The above graph shows the length of time provided by each network to covering the 30 most popular topics (note that they are not mutually exclusive, e.g. a piece on liberal voters will likely count for politics, liberals, and voters). From this, we observe:
* The most common topics are political, which is expected both due to the inherently political nature of the networks and the coverage of the 2016 presidential election.
* Fox provides notably greater coverage of liberals and religion than the other two networks.
* MSNBC focuses far more on politics in that it has less coverage of children, crime, family, terrorism, etc. but more coverage of voters, elections, conservatives, and primaries.

We can break this further down by show to identify specific individuals/segments that are likely to cover individual topics.

In [None]:
topic_show = pd.DataFrame.from_csv('/app/data/topic_show.csv')

def topic_heatmap(df, label, topic_threshold=2000000, key_threshold=3000000):
    sums = df.sum(axis=1)
    df = df.drop(sums[sums < topic_threshold].index).transpose()
    sums = df.sum(axis=1)
    df = df.drop(sums[sums < key_threshold].index)
    for c in df:
        df[c] /= df[c].sum()
    df = df.fillna(0).transpose()

    fig, ax = plt.subplots(figsize=(20,30))
    sns.heatmap(df.transpose(), xticklabels=True, yticklabels=True, ax=ax, linewidths=0.1)
    _ = plt.title('Normalized {} frequency heatmap by show'.format(label))
    
topic_heatmap(topic_show, 'topic')

The above heatmap shows normalized topic coverage scores, e.g. if Rachel Maddow covers immigration for 6 minutes and Sean Hannity covers it for 4 minutes, then they would receive a normalized score of 0.6 and 0.4, respectively, in the immigration column.
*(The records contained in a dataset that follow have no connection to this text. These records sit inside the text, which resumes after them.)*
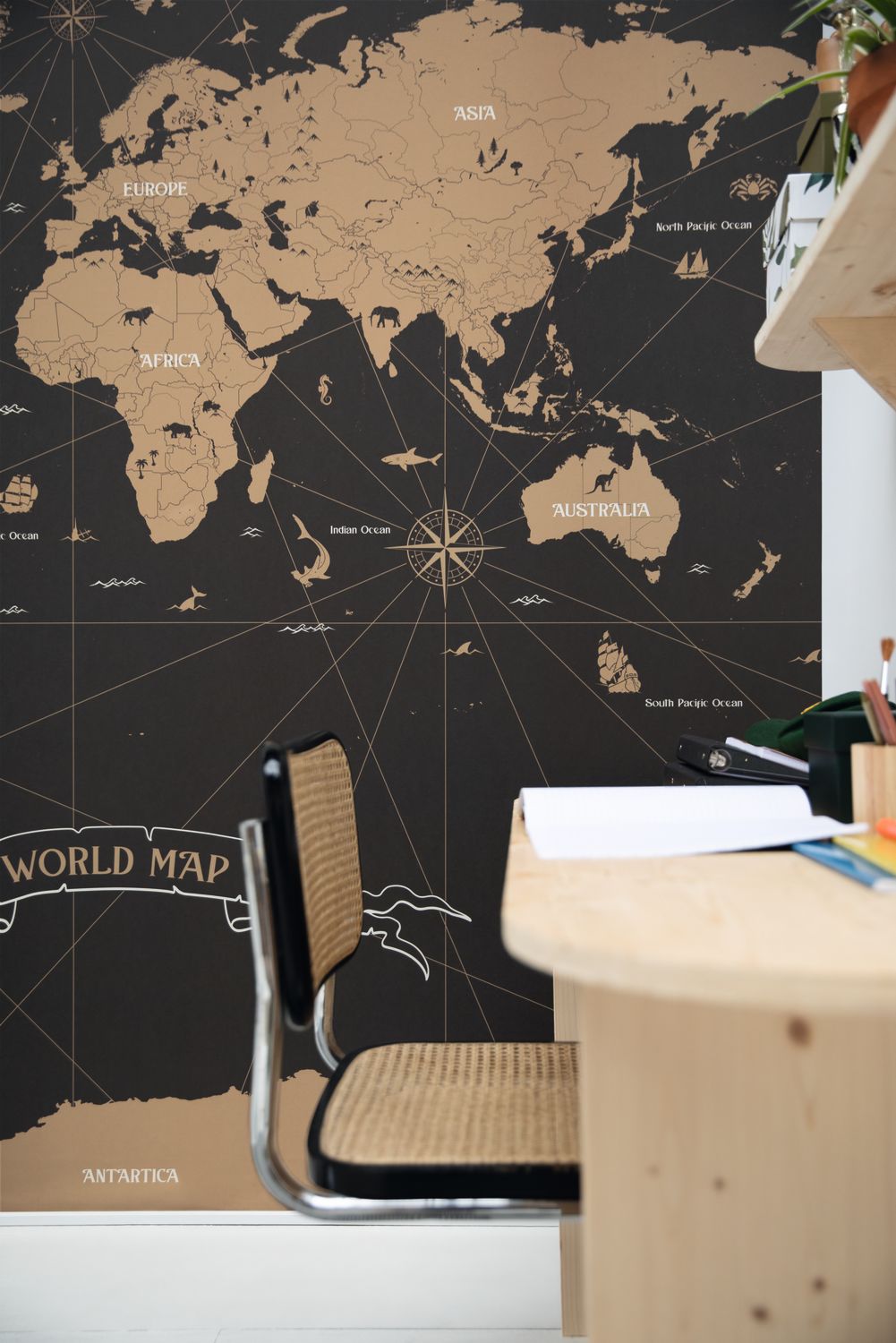 Mural mapa świata to wyjątkowa panorama, która przedstawia kontynenty świata, zachęcając do poznawania nowych miejsc. Projekt doskonale zaprezentuje się w charakterze akcentu na najważniejszej ścianie w pokoju młodzieżowym, zawiera funkcje edukacyjne, pozwoli rozwijać zainteresowania. Panel ścienny występuje w dwóch rozmiarach oraz w dwóch wariantach kolorystycznych. Pochodzi od francuskiej marki Caselio z katalogu Young & Free. To wyjątkowy i oryginalny katalog tapet ściennych i murali dekoracyjnych dedykowany młodzieży. Młodzi ludzie mają swój własny świat, w którym nigdy nie brakuje pomysłów i chęci zmiany. Francuska marka Caselio poświęciła im dużą serię wzorów, które są połączeniem współczesnych trendów i różnorodnych zainteresowań. Grafiki street art, wzory nawiązujące do podróży, tropikalne motywy, klasyczne paski, abstrakcyjne linie oraz interesujący kosmos. Wszystkie projekty pozwolą całkowicie odmienić pokój nastolatka i nadać mu wyjątkowego charakteru. Tapety z kolekcji Young & Free doskonale zaprezentują się również w innych pomieszczeniach np. w sypialni, holu czy kuchni, a nawet w miejscach użyteczności publicznej.
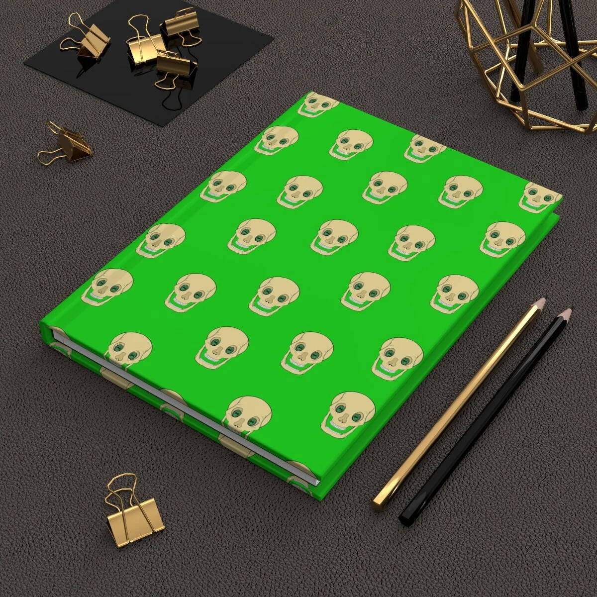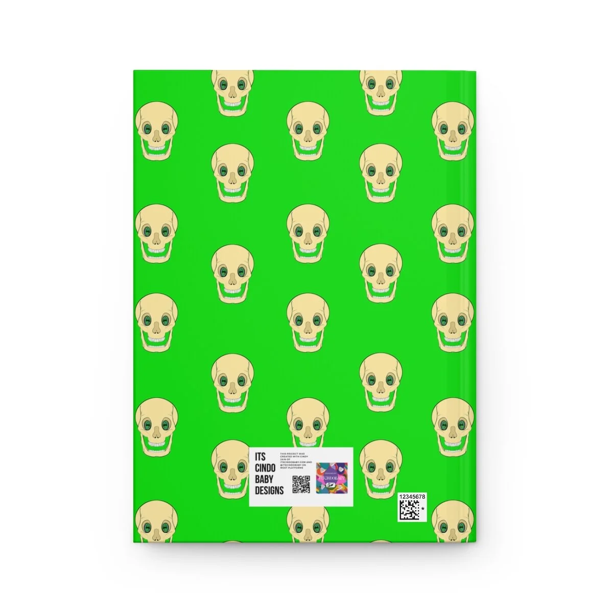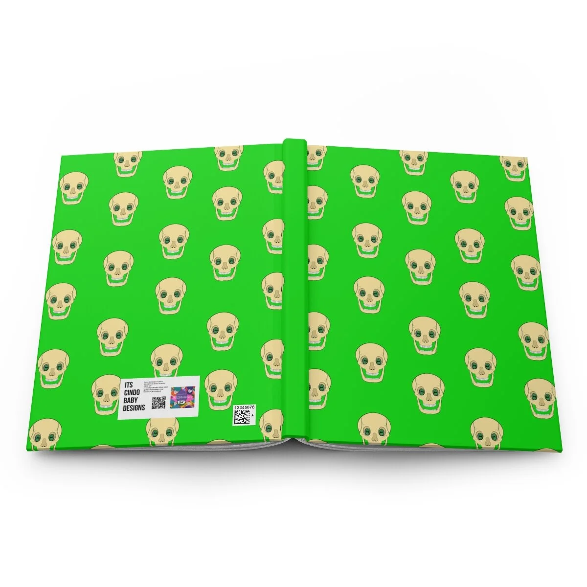 Spooky Skull on Lime Green Hardcover Journal Matte
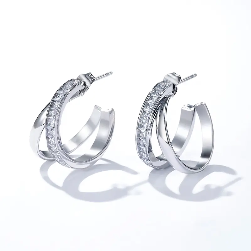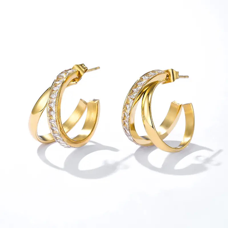 Boucles d’oreilles double cercle diamant en acier inoxydable
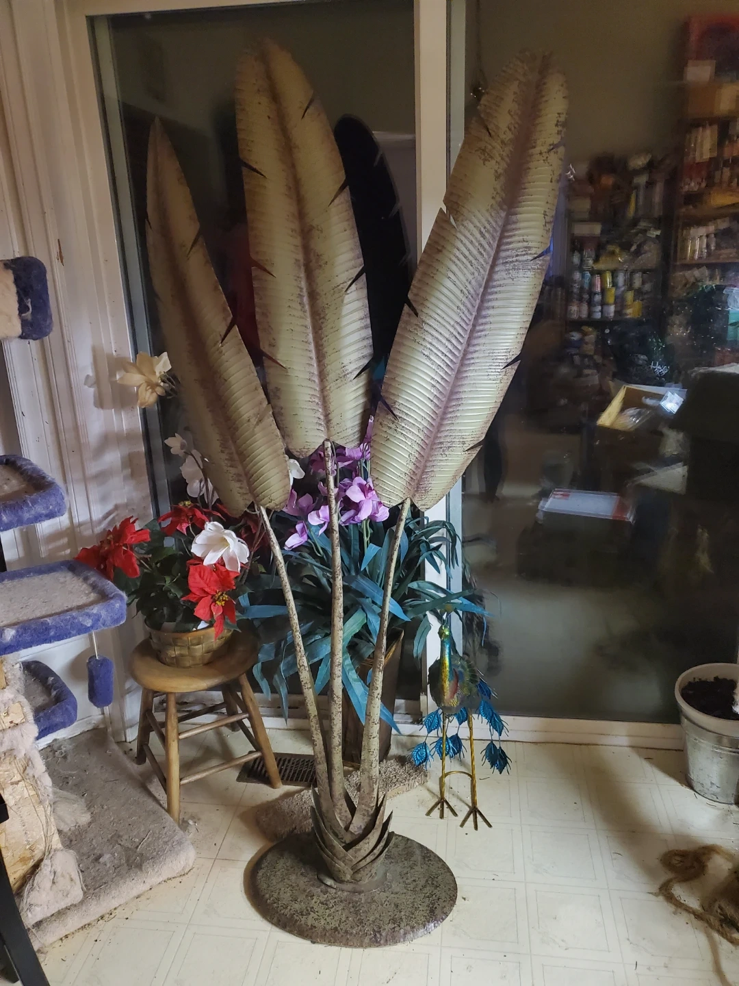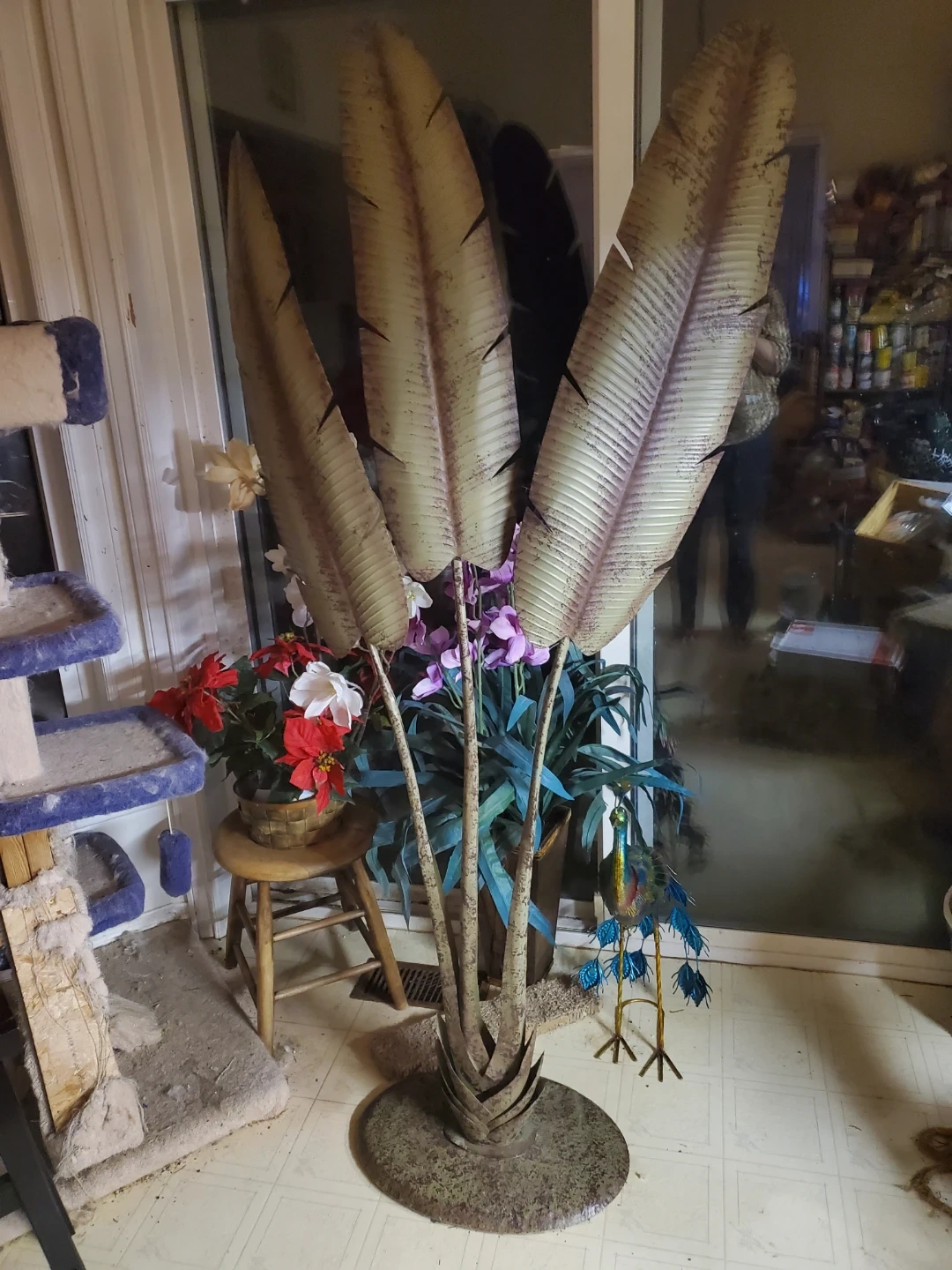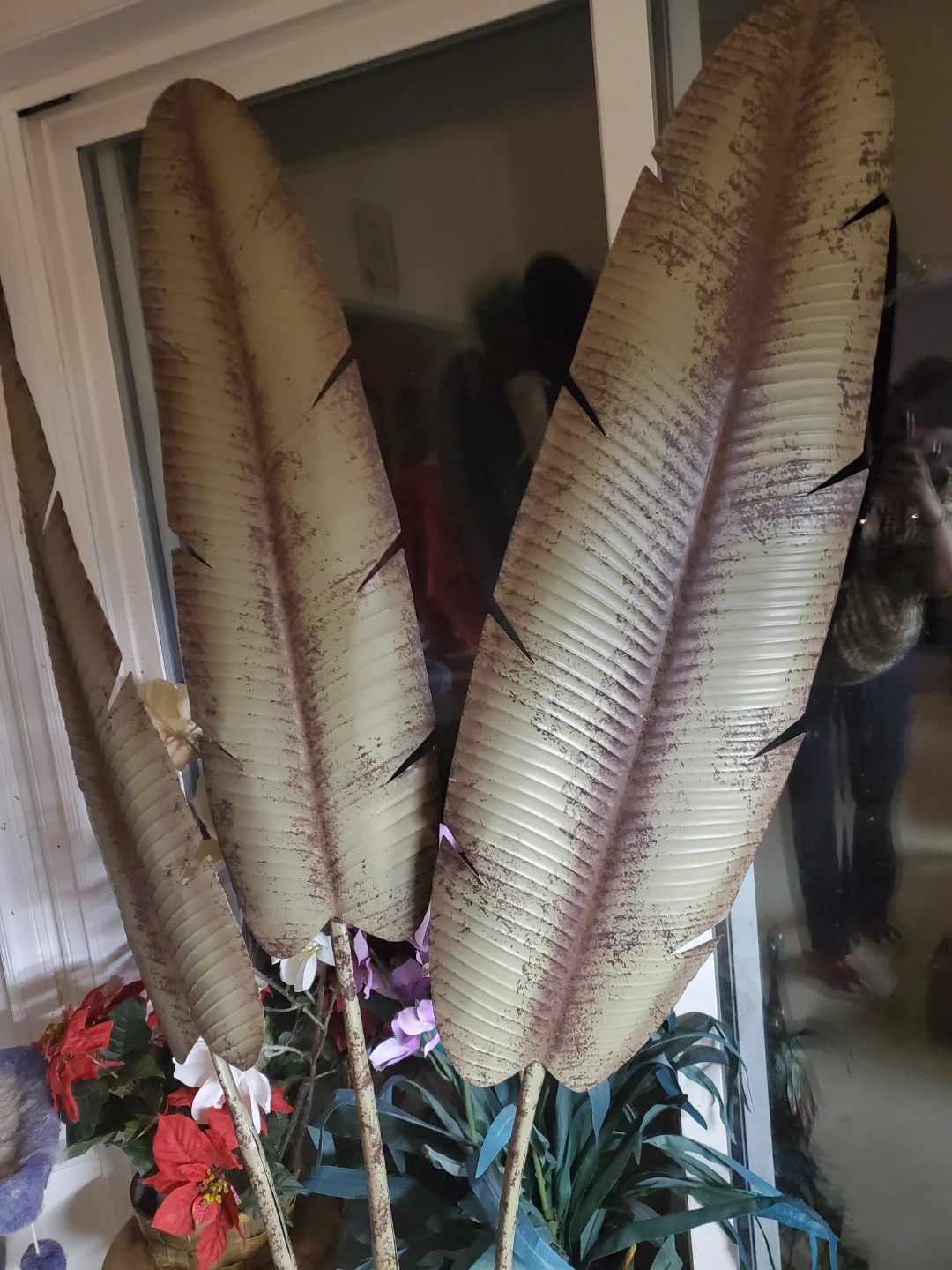 This is a decorative metal sculpture featuring large tropical leaves. It has a sturdy base and a rustic finish. Its size makes it a statement piece for any room. It's almost as tall as the sliding door window in height. 5 feet.

Certain shows which appear more frequently than others are identified by clear colorful lines (e.g. MSNBC Live, Anderson Cooper 360). Bright squares indicates that a particular show covers a particular topic more than other shows for the same topic. For example, we can see:
* Rachel Maddow covers almost exclusively election issues (candidates, elections, polls, primaries).
* Fox & Friends is the only show that tends to cover more general interest topics (children, dogs, family, football, games, sleep, summer).
* CNN Newsroom with Brooke Baldwin covers an unusual amount of death.

We can further specialize these topics by looking at the mention of individual people and phrases.

In [None]:
person_channel = pd.DataFrame.from_csv('/app/data/person_channel.csv')
topic_bar(person_channel, 'people')

The above graph is the same as before, except looks at coverage of people instead of topics. We observe:
* Donald Trump was mentioned more than every other individual combined. 
* Trump was provided notably greater coverage on both CNN and MSNBC than Fox. 
* By contrast, Hillary Clinton, Bill Clinton, and Barack Obama received slightly more coverage on Fox.
* Controversial individuals in the Trump Administration like Michael Flynn, Jared Kushner, and Paul Manafort received substantially more coverage from CNN and MSNBC than Fox.

Again breaking down by show:

In [None]:
person_show = pd.DataFrame.from_csv('/app/data/person_show.csv')
topic_heatmap(person_show, 'person', topic_threshold=300000, key_threshold=300000)

We can observe that:
* Fox & Friends provided little coverage of anyone in particular except for Chuck Schumer and Nancy Pelosi.
* Rachel Maddow provided unusually high coverage of individuals like Chris Christie, Paul Manafort, and Scott Walker.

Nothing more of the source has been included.